- [Work request] Every line below from the one with "tertulis, Jumat (16/7/2021)." through the one with "Kit 5 Pomadas" should be retyped exactly, both ends included; no other lines and no pictures.

- [Extracted records]
....................

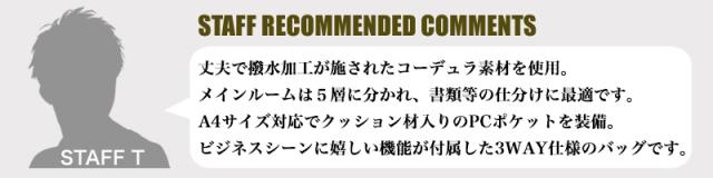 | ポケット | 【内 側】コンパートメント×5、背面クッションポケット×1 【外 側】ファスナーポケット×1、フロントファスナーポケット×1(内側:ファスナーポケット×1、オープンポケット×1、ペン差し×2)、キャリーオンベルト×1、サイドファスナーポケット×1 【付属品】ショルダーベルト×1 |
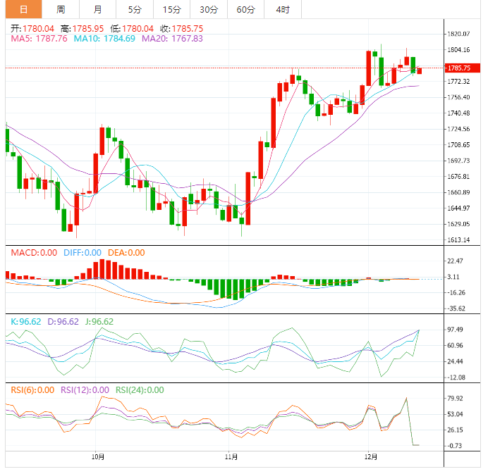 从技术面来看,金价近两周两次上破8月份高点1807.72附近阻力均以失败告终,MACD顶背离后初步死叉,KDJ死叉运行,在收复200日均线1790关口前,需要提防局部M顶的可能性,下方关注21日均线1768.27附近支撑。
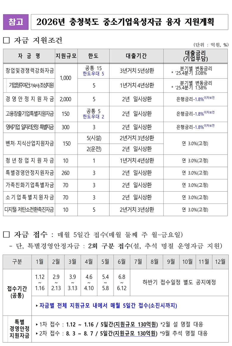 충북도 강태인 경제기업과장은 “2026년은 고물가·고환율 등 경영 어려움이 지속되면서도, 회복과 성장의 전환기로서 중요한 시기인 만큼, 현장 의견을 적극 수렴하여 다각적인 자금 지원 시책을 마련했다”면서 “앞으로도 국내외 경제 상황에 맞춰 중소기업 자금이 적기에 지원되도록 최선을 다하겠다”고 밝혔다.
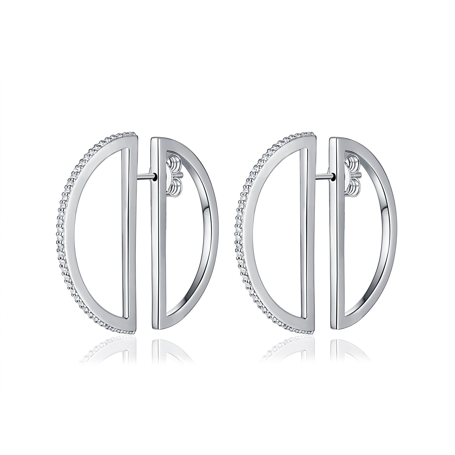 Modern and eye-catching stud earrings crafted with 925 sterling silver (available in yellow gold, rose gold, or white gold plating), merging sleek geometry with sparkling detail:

....................

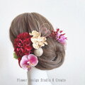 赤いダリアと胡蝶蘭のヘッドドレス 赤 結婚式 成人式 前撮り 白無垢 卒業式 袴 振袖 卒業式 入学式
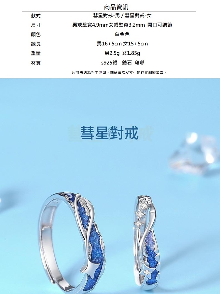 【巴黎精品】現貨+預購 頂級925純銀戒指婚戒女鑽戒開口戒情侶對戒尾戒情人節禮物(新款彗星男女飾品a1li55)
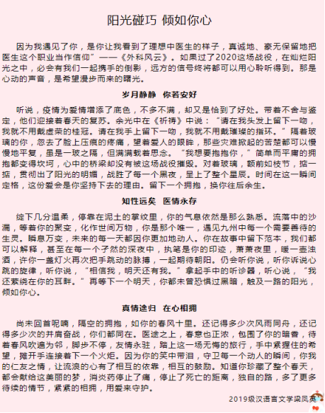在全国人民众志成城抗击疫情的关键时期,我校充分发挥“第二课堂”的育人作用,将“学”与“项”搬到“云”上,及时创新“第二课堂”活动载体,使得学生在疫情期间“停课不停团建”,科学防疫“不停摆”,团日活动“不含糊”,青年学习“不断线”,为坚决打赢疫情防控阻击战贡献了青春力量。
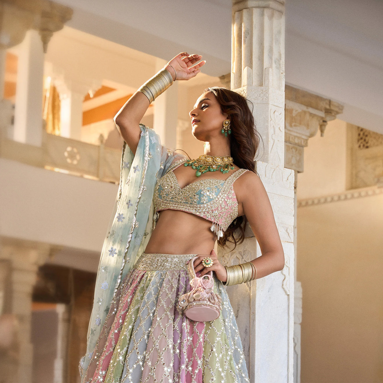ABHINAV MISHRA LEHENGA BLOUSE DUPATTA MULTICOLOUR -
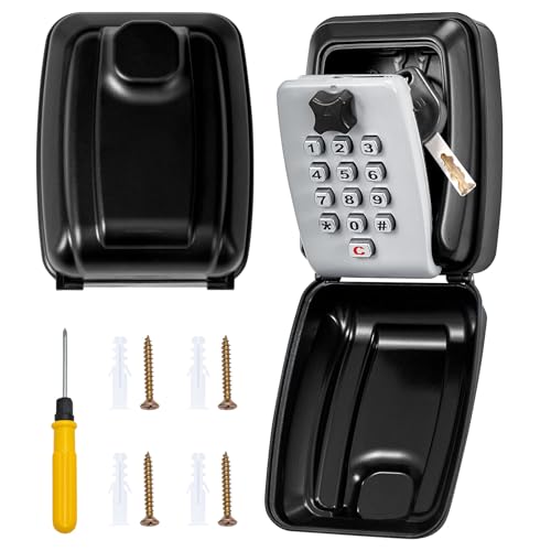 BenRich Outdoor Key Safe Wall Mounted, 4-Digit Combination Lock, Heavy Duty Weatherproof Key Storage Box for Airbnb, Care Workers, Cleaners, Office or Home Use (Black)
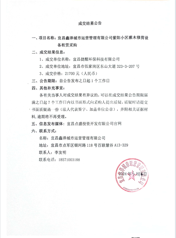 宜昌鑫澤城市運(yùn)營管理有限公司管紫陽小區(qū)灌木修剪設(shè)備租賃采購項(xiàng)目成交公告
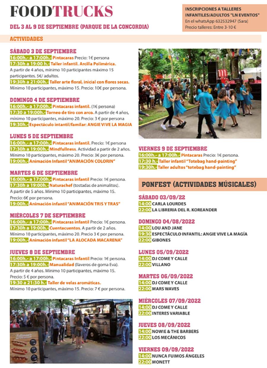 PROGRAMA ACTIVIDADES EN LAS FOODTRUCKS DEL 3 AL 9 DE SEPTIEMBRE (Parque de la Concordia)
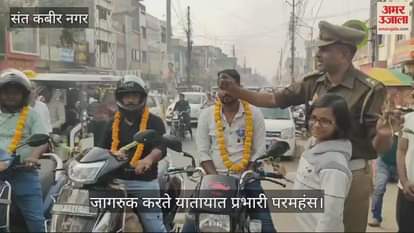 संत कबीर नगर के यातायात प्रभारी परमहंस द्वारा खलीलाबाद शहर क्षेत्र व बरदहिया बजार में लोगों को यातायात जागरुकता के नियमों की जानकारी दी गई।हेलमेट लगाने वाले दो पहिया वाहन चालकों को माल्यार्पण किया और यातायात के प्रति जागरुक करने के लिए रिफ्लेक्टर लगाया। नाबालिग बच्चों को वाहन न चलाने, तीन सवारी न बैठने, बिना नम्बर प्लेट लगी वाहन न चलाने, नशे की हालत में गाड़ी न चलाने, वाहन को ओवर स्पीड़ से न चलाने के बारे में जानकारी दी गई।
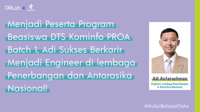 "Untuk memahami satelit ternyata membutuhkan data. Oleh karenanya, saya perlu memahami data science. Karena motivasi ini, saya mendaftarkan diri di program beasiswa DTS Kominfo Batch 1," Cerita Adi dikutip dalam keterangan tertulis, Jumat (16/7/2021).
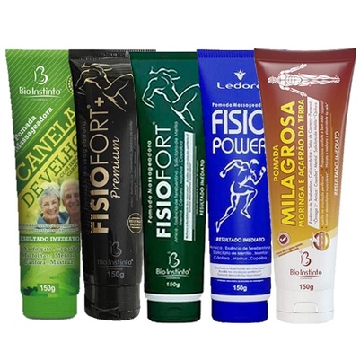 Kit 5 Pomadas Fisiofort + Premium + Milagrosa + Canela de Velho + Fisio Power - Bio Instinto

....................

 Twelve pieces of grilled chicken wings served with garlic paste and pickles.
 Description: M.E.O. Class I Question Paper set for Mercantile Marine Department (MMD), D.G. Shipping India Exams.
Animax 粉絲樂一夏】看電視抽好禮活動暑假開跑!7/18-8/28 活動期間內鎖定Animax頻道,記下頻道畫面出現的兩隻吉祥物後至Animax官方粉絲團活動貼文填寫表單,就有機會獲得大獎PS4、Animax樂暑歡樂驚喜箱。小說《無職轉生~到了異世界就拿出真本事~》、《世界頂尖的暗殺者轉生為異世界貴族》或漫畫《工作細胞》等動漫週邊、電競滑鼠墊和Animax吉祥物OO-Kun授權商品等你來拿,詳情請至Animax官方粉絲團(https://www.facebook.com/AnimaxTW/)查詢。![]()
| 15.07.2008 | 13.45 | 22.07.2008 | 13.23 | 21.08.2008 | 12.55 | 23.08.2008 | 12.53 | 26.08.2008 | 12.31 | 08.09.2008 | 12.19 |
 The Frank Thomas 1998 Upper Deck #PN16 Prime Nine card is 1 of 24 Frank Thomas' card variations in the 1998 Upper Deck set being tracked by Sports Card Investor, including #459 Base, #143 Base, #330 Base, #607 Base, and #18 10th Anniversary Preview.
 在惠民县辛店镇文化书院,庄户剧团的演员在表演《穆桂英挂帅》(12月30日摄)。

....................

- [Solution for this exercise]
 "Untuk memahami satelit ternyata membutuhkan data. Oleh karenanya, saya perlu memahami data science. Karena motivasi ini, saya mendaftarkan diri di program beasiswa DTS Kominfo Batch 1," Cerita Adi dikutip dalam keterangan tertulis, Jumat (16/7/2021).
 Kit 5 Pomadas Fisiofort + Premium + Milagrosa + Canela de Velho + Fisio Power - Bio Instinto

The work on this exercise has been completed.